Post-Election Unrest in Kenya Leaves Eleven Dead

Kenya Unrest Post-Election
A supporter of opposition leader Raila Odinga runs past a burned shack, in Kibera slum, in Nairobi, Kenya August 12, 2017. REUTERS/Goran Tomasevic REUTERS/Goran Tomasevic

Kenyan police killed at least 11 people in a crackdown on protests as anger at the re-election of President Uhuru Kenyatta erupted in the western city of Kisumu and slums surrounding the capital, officials and witnesses said on Saturday.

However, the NASA opposition coalition, led by four-time presidential hopeful Raila Odinga, put the death toll at more than 100, including 10 children, albeit without providing evidence. Odinga has rejected the poll and its result as "massive" fraud.

Reuters was able to confirm 11 deaths, including one girl, in the space of 24 hours, and the Kenya National Commission on Human Rights said 24 people had been shot dead by police since Tuesday, election day.

Top Odinga lieutenant Johnson Muthama said police had been packing corpses into body bags and dumping them, remarks likely to exacerbate the tensions that followed Friday night's official announcement that Kenyatta had won, with 54.3 percent of votes.

The eruption of violence has revived dark memories of a decade ago, when Odinga, 72, lost an election in controversial circumstances that sparked a wave of ethnic unrest in which 1,200 people were killed and 600,000 displaced.

Interior Minister Fred Matiang'i said the trouble was localized and blamed it on "criminal elements" rather than legitimate political protest. He also denied accusations of police brutality.

"Let us be honest - there are no demonstrations happening," he told reporters.

"Individuals or gangs that are looting shops, that want to endanger lives, that are breaking into people's businesses – those are not demonstrators. They are criminals and we expect police to deal with criminals how criminals should be dealt with."

"State Terror"

However, James Orengo, another top NASA official, said the killings were part of a carefully laid plan by 55-year-old Kenyatta's Jubilee party and the security forces to rig the poll, crush dissent and then hide the evidence.

"This violence, this state terror is being executed following very meticulous preparation," he said.

"It's like they knew what they were going to do. They knew they were going to steal an election. They knew the people would be unhappy, and therefore all the instruments of violence were put in place."

He and Muthama urged Odinga supporters to stay calm and out of harm's way but, ominously, said there would be no backing down. "We will not be cowed.
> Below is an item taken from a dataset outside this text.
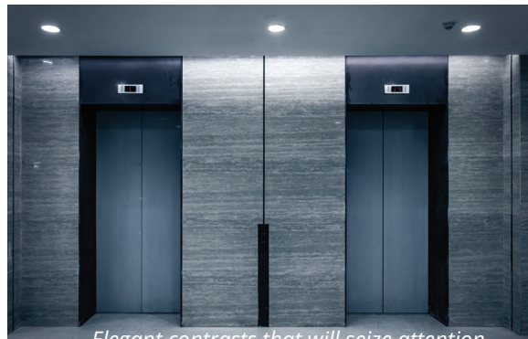
Elegant contrasts that will seize attention
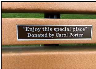
Etched Plaque 2x10" $375.00

If ordering memorial plaque, add text here. 2 lines, text size based on number of letters:

We will not relent," Muthama said.

As with previous votes in 2007 and 2013, this year's elections have exposed the underlying ethnic tensions in the nation of 45 million people, the economic engine of East Africa and the region's main trading hub.

In particular, Odinga's Luo tribe, who hail from the west, hoped an Odinga presidency would break the Kikuyu and Kalenjin dominance of central government since independence in 1963. Kenyatta, the son of Kenya's first president, is a Kikuyu.

Most of the trouble has been in the western city of Kisumu, an Odinga stronghold, and the large, ethnically mixed slums on the outskirts of Nairobi.

The bodies of nine young men shot dead in the capital's run-down Mathare neighborhood were brought to the city morgue, a security official said. A young girl was also killed by a stray bullet in Mathare, according to a witness.

A government official said one man had been killed in Kisumu county. A Reuters reporter in the city heard tear gas grenades and gunshots overnight and on Saturday morning.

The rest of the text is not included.